- [PROBLEM REQUIREMENTS] Scan the records below for the line with "I was out at" and the line with "обхват шеи: 330мм.", and retype that range exactly, both ends included, pictures excepted.

- [SOURCE DATA]
□ □ □

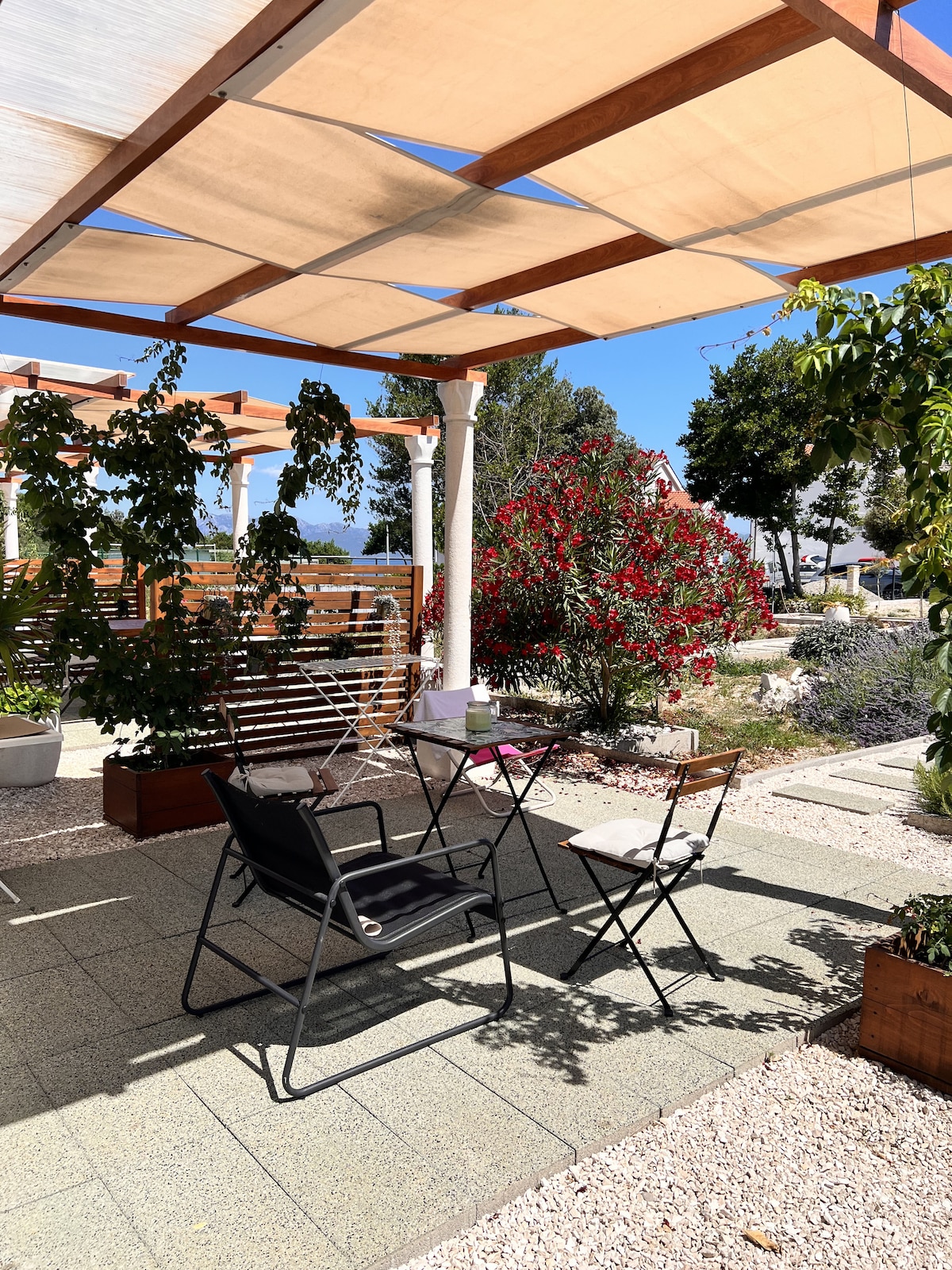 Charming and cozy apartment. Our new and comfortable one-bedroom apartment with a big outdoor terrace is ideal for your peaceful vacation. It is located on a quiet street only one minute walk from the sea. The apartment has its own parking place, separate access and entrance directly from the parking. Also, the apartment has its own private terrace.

□ □ □

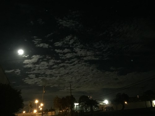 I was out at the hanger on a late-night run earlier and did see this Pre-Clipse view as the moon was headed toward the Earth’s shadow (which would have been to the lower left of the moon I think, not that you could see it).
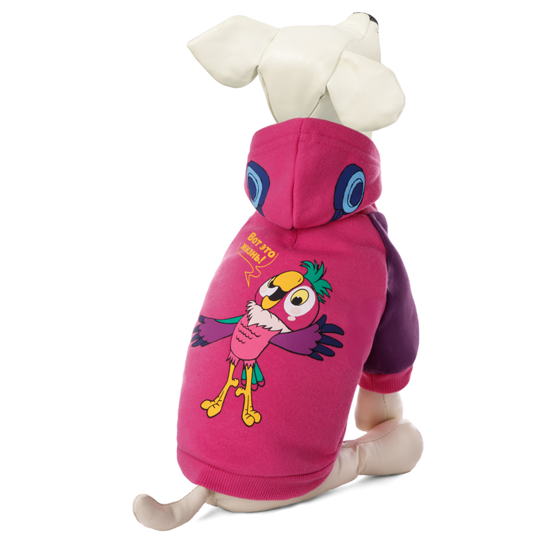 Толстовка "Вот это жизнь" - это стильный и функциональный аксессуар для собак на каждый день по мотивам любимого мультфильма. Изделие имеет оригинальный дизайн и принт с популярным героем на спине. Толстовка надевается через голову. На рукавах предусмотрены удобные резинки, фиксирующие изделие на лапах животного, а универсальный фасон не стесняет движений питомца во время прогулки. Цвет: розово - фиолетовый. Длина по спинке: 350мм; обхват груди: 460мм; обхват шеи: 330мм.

□ □ □

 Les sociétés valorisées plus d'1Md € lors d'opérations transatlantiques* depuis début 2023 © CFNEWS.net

□ □ □

- [COMPLETED TASK]
 I was out at the hanger on a late-night run earlier and did see this Pre-Clipse view as the moon was headed toward the Earth’s shadow (which would have been to the lower left of the moon I think, not that you could see it).
 Толстовка "Вот это жизнь" - это стильный и функциональный аксессуар для собак на каждый день по мотивам любимого мультфильма. Изделие имеет оригинальный дизайн и принт с популярным героем на спине. Толстовка надевается через голову. На рукавах предусмотрены удобные резинки, фиксирующие изделие на лапах животного, а универсальный фасон не стесняет движений питомца во время прогулки. Цвет: розово - фиолетовый. Длина по спинке: 350мм; обхват груди: 460мм; обхват шеи: 330мм.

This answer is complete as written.